Clebert Suconic closed ARTEMIS-3337.
------------------------------------
    Fix Version/s: 2.18.0
       Resolution: Fixed

> CORE Client sessions are closed when there are errors during failover
> ---------------------------------------------------------------------
>
>                 Key: ARTEMIS-3337
>                 URL: https://issues.apache.org/jira/browse/ARTEMIS-3337
>             Project: ActiveMQ Artemis
>          Issue Type: Bug
>    Affects Versions: 2.17.0
>         Environment: {noformat}
>  {noformat}
>            Reporter: Markus Meierhofer
>            Priority: Major
>             Fix For: 2.18.0
>
>          Time Spent: 2.5h
>  Remaining Estimate: 0h
>
> h3. The issue
> When a CORE client does failover to a new connection, it usually transfers all sessions from the old to the new connection after it's able to establish the new connection.

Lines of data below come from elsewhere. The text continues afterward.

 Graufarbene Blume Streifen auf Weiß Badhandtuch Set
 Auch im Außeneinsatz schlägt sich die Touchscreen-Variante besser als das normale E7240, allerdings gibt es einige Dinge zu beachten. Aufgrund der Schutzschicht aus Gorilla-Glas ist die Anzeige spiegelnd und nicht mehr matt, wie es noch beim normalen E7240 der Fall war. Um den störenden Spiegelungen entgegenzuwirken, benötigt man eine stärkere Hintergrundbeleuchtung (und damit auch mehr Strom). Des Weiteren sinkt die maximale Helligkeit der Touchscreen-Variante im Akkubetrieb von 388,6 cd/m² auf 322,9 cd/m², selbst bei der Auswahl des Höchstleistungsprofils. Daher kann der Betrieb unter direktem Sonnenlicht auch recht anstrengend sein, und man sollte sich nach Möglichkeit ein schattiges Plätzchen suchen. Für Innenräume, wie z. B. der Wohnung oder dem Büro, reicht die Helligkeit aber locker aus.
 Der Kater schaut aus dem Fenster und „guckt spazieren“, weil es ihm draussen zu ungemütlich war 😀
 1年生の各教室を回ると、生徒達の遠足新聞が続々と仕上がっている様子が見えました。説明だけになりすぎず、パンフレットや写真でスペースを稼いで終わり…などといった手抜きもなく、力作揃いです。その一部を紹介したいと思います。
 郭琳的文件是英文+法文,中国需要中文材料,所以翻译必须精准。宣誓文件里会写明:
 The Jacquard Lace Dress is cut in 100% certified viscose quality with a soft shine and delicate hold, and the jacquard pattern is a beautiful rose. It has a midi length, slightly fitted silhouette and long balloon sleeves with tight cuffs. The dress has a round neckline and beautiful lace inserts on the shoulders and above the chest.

When the session transfer to the new connection fails, it assumes the new connection is also broken and does the same steps again (get new connection, transfer all sessions) until the reconnectAttempts have been reached. But after this failed session transfer, there seems to be a bug that sessions can get closed.
>  
> One occurrence of the bug:
> A client has lost connection due to bad Wifi and tried to reconnect. After reconnect, the sessions were transferred, but one of the sessions couldn't be transferred (Recognizable by the "failed to handle failover" error):
> {noformat}
> [ERROR 2021-05-27 00:24:08,175 l-threads)  org.apache.activemq.artemis.core.client]: AMQ214003: Failed to handle failover
> org.apache.activemq.artemis.api.core.ActiveMQConnectionTimedOutException: AMQ219014: Timed out after waiting 4,000 ms for response when sending packet 32
>         at org.apache.activemq.artemis.core.protocol.core.impl.ChannelImpl.sendBlocking(ChannelImpl.java:530)

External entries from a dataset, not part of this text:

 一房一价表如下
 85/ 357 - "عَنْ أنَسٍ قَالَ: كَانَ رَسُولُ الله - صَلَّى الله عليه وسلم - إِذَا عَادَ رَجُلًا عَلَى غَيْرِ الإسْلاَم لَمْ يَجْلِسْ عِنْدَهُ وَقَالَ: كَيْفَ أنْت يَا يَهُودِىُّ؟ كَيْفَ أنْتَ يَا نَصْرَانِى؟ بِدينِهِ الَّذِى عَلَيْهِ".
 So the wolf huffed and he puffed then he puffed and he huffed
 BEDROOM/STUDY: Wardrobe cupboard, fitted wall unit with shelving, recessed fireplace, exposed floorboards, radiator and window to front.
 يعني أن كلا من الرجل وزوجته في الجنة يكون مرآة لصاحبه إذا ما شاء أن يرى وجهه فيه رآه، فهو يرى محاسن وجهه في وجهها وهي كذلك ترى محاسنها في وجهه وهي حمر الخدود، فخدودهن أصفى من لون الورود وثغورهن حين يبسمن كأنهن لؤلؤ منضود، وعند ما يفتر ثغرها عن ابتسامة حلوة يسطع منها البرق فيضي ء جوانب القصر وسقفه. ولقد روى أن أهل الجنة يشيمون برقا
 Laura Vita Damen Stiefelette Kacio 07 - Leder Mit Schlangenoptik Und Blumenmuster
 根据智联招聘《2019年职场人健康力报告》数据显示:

>         at org.apache.activemq.artemis.core.protocol.core.impl.ChannelImpl.sendBlocking(ChannelImpl.java:434)
>         at org.apache.activemq.artemis.core.protocol.core.impl.ActiveMQSessionContext.reattachOnNewConnection(ActiveMQSessionContext.java:836)
>         at org.apache.activemq.artemis.core.client.impl.ClientSessionImpl.handleFailover(ClientSessionImpl.java:1393)

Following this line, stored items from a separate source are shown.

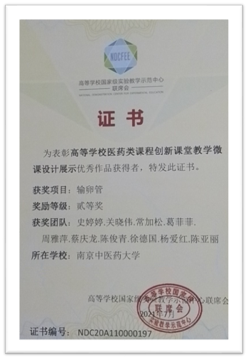 2021年7月26-28日,由高等公司国家级实验教学示范中心联席会主办的“第十三届全国医学类实验教学研讨会”在太原召开,全国80余所高等william威廉中文官网校参会。会议同期举办了“高等公司医药类课程创新课堂教学微课设计展示大赛”,来自复旦大学、上海交通大学、首都医科大学、中国医科大学等院校的几十个项目参加角逐,经初赛与决赛,公司人体解剖与组织胚胎学系教学团队(主讲老师:史婷婷)荣获本次大赛二等奖。
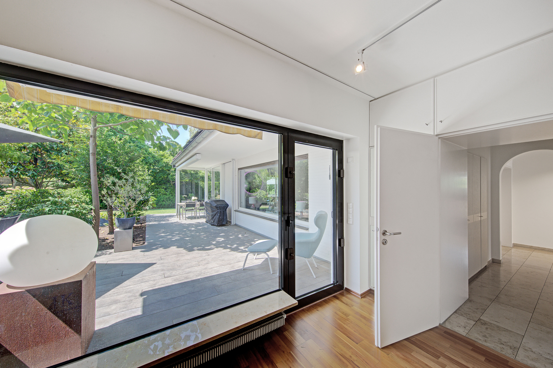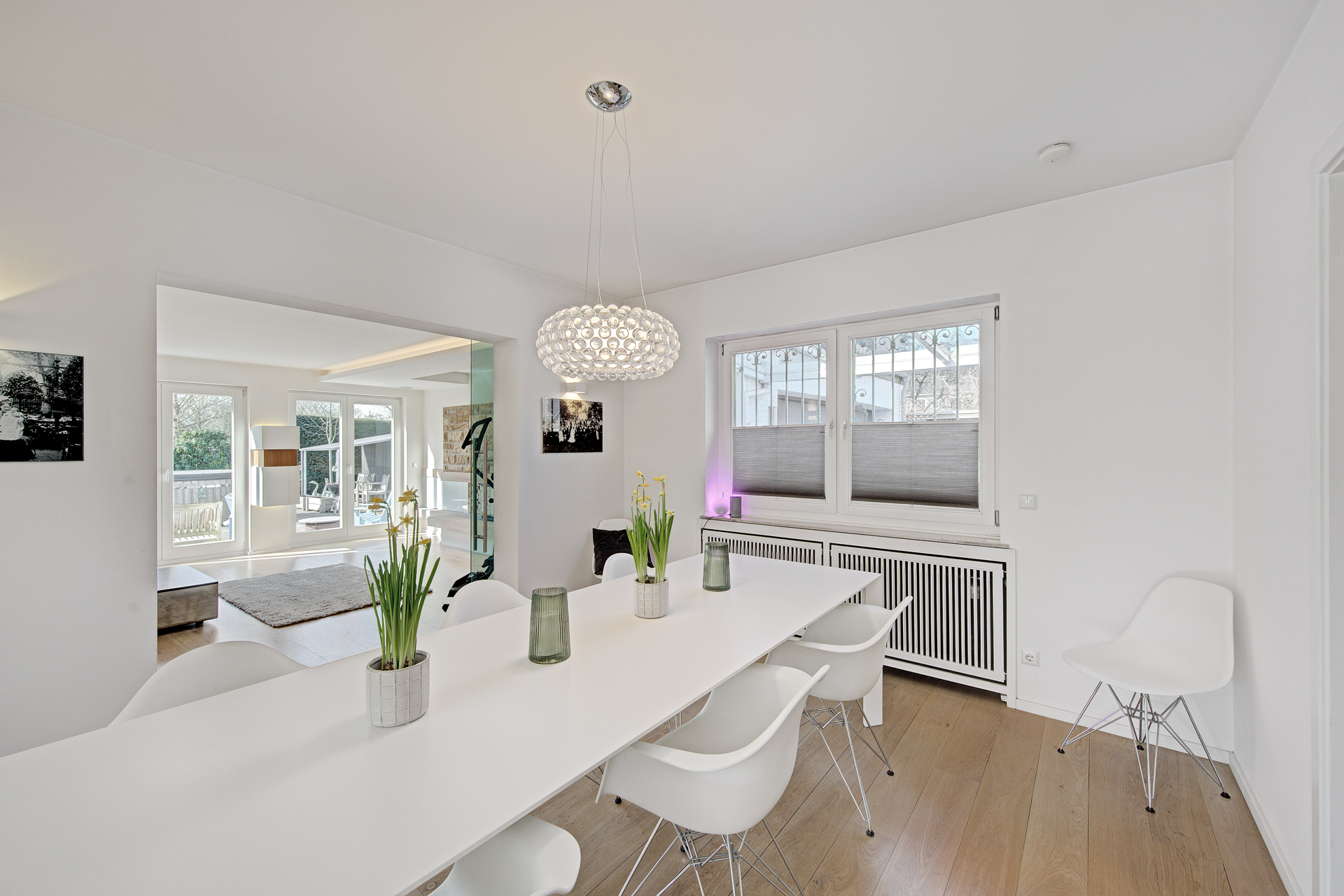- Geradeaus öffnet sich das Herzstück des Hauses: ein weitläufiger, lichtdurchfluteter Wohnund Essbereich, der durch fließende Übergänge und große Fensterflächen besticht. Die zum Garten hin ausgerichteten, raumhohen Verglasungen holen das Grün des Außenbereichs nahezu in den Raum hinein. Hier verschmelzen Innenund Außenwelt auf besonders gelungene Weise. Ein hochwertiger Echtholzparkettboden in Eiche Landhausdiele lackiert unterstreicht die behagliche Atmosphäre.
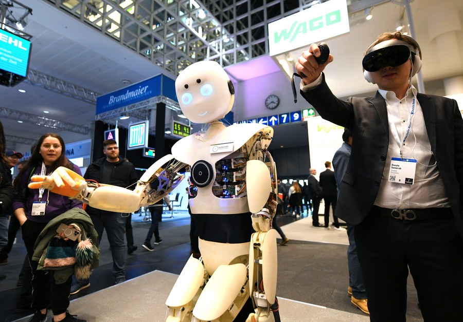 An intelligent robot imitates the gesture of a man during the Hannover Messe in Hannover, Germany, on April 18, 2023. (Xinhua/Ren Pengfei)
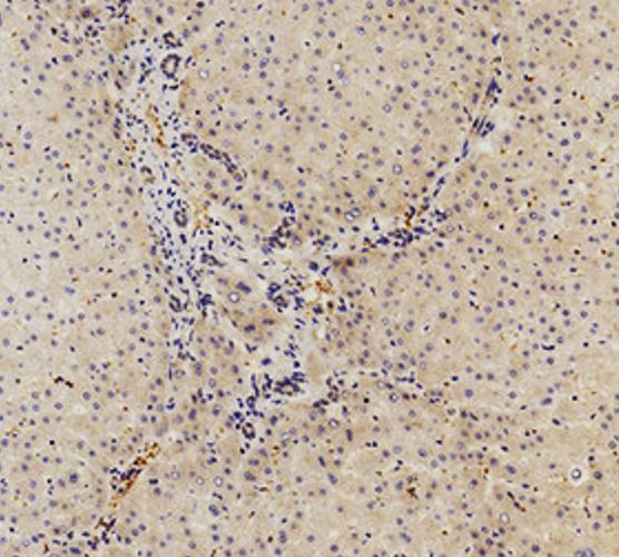 Immunohistochemistry: Human liver stained with ARG51706 anti-FAK phospho (Tyr397) antibody.
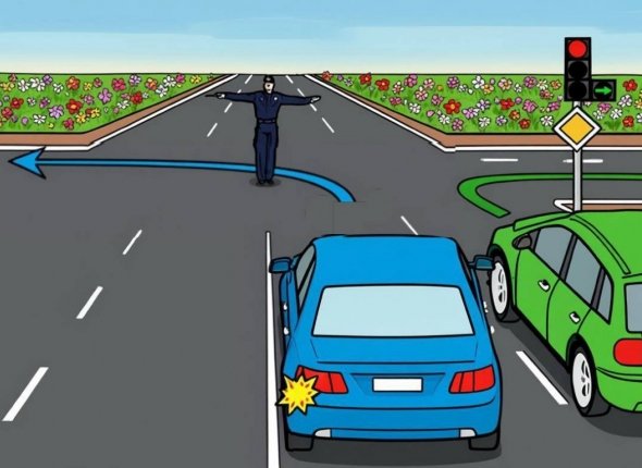 Вывод: Оба водителя обязаны оставаться на месте и ждать смены сигнала регулировщика.
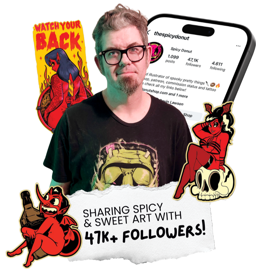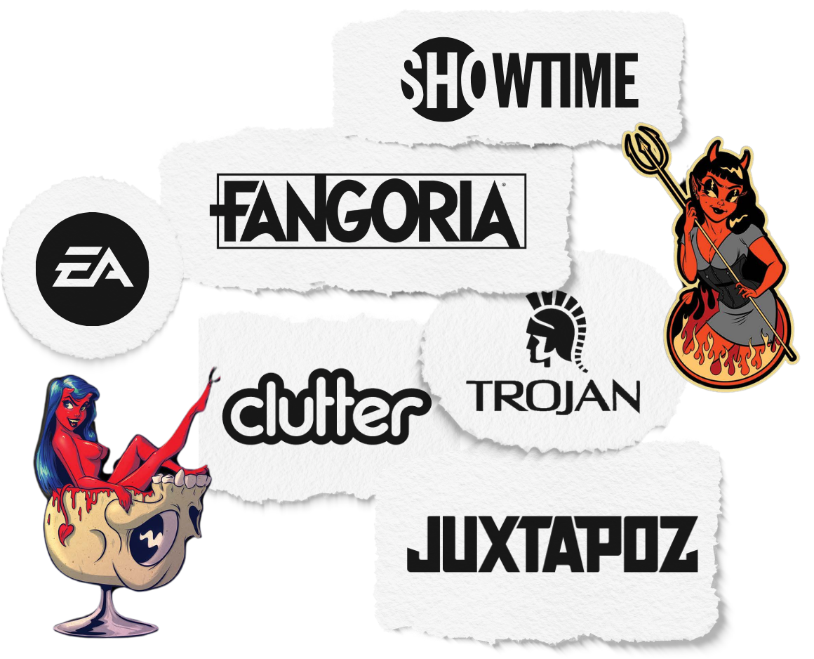 I have been featured in renowned international publications like FANGORIA, Juxtapoz, and Clutter Magazine. And in less renowned publications that would likely get you a stern talking to by your disappointed parents. I have also animated for huge companies that probably regret having my name on the credits, like Showtime, EA, and Trojan. Yes, that Trojan. Stay safe, kids. You can see my apparel designs on the clearance racks of a few major retailers like Hot Topic, Pac Sun, and Discount Jimmy’s Fun Time Store for Florida tourists.
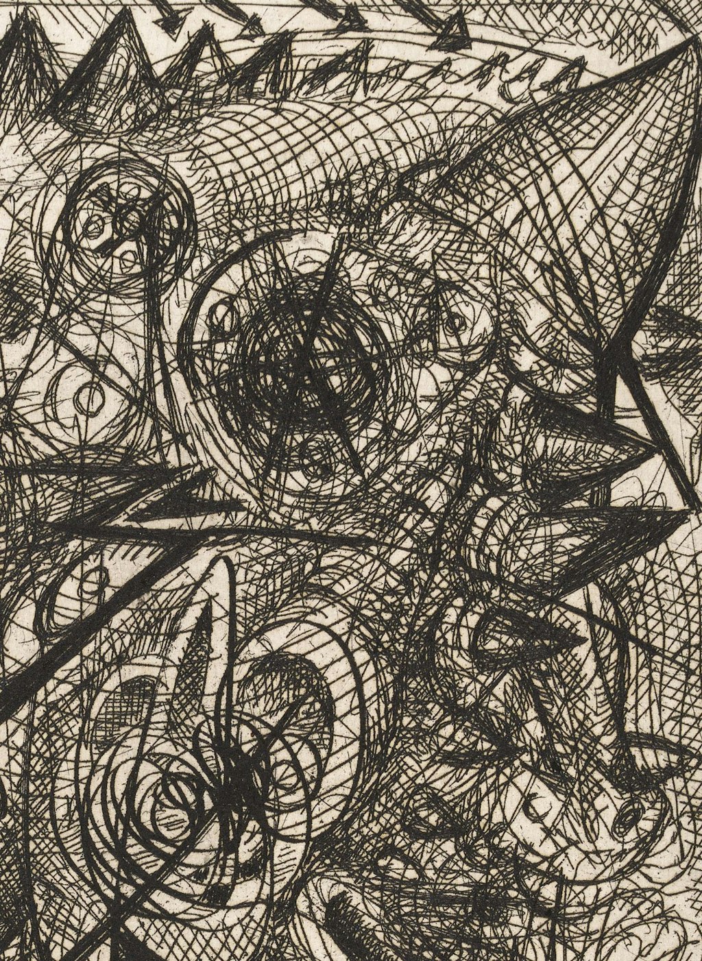 The three works share a kind of blended authorship within the medium of printmaking. This is because Jean Tinguely and Bernhard Luginbühl both engraved the underlying printing plates. This involved the metal plates being passed back and forth between the artists for months and being reworked many times. The network of lines engraved onto the metal plate therefore grew steadily thicker, layer by layer. This can be seen in ‘Dornier‘. The copper etching was released for the first time in 1988 in a numbered print run of 20 copies, signed by Luginbühl and Tinguely, Over time, from the abstract lines emerged a reptilian, horned creature, with jagged spines and spikes. Are the clear, solid lines the work of Luginbühl and the fine, sketchy ones by Tinguely? In retrospect, it is difficult to distinguish the work of one artist from the other. The haphazard, instinctive interaction plays a key role in this collaborative work – not dissimilar to the surrealist exquisite corpse method, a collaborative drawing game using folded paper.

>         at org.apache.activemq.artemis.core.client.impl.ClientSessionFactoryImpl.reconnectSessions(ClientSessionFactoryImpl.java:806)
>         at org.apache.activemq.artemis.core.client.impl.ClientSessionFactoryImpl.failoverOrReconnect(ClientSessionFactoryImpl.java:638)
>         at org.apache.activemq.artemis.core.client.impl.ClientSessionFactoryImpl.handleConnectionFailure(ClientSessionFactoryImpl.java:525)
>         at org.apache.activemq.artemis.core.client.impl.ClientSessionFactoryImpl.access$600(ClientSessionFactoryImpl.java:74)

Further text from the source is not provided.